Picture a data engineer staring at yet another “credential expired” error. The pipeline is fine, the model is good, but the access layer is broken again. That’s the kind of frustration Azure Synapse Ping Identity integration eliminates: one clean handshake between data platform and identity provider, no mystery failures, no hard-coded secrets.
Azure Synapse handles analytics at scale. It unifies data warehouses and data lakes with enough horsepower to feed dashboards and train models across entire enterprises. Ping Identity, meanwhile, is the grown-up version of an identity system. It enforces policy through SSO, MFA, and centralized control using SAML, OIDC, and SCIM standards. When these two tools talk properly, security happens automatically and engineers stop babysitting permissions.
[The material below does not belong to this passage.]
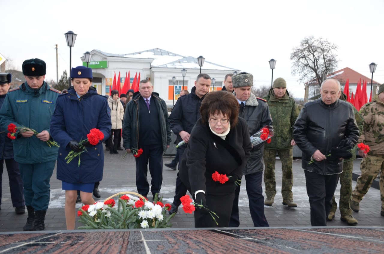 Собравшиеся минутой молчания почтили память воинов-земляков, павших как в годы Великой Отечественной войны, так и в ходе специальной военной операции, после чего возложили цветы к братской могиле советских солдат, а также к памятному знаку защитникам Донбасса и участникам СВО.
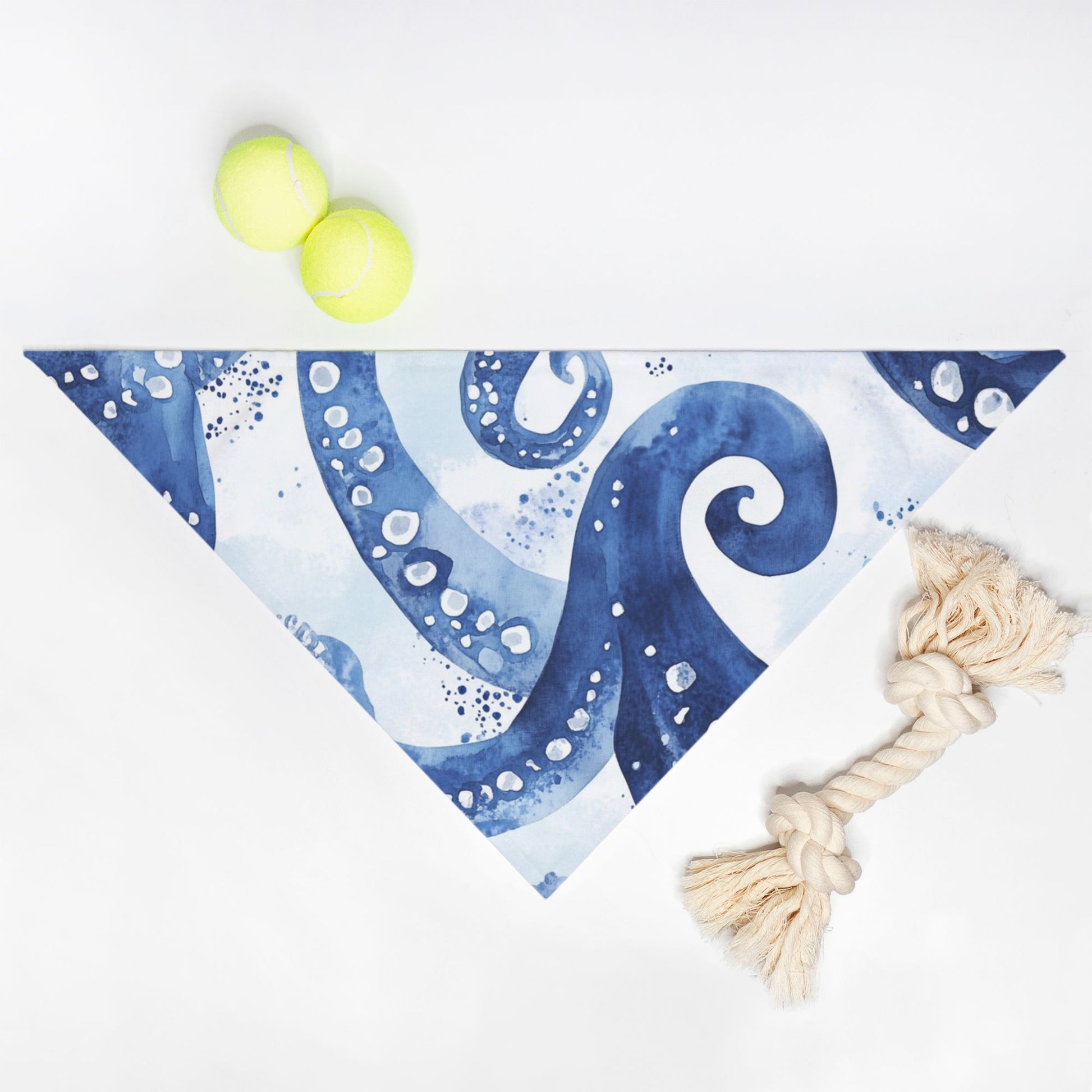 Introducing the Tentacle Pet Bandana in White and Blue! Is your furry friend ready to make a splash at the fishing trip? This snazzy bandana features mischievous tentacles that scream adventure while keeping your pet looking fabulously nautical. Whether they're reeling in the big catch or just lounging by the water, they'll be the talk of the bait shop. Made for both comfort and style, this bandana is the perfect catch for any pet who dreams of the high seas—or at least the nearest pond. Dive into style with the Tentacle Pet Bandana!

Connecting Azure Synapse to Ping Identity means mapping identities directly to workspace access and query execution roles. Instead of static passwords or personal tokens, access decisions flow through Ping’s adaptive authentication and group policies. Synapse reads them in real time using Azure Active Directory federation. The result is consistent identities across analytics, storage, and compute—no overlaps, no forgotten service accounts.
How do I connect Azure Synapse and Ping Identity?
Federate your Synapse workspace with Azure AD, ensure Ping Identity is the identity provider backing that tenant, then set role-based access in Synapse through groups synced from Ping. That’s it: one pipeline for authentication, authorization, and auditing in a single stroke.
For developers, the integration feels invisible. Once identity federation is configured, executing a SQL script or deploying a pipeline simply works under your assigned role. No ticket requests, no waiting for ops to approve privileges. Logs stay clean, since every action is tied to a verified identity. Automation scripts can rotate credentials through Ping’s policy engine, keeping compliance happy.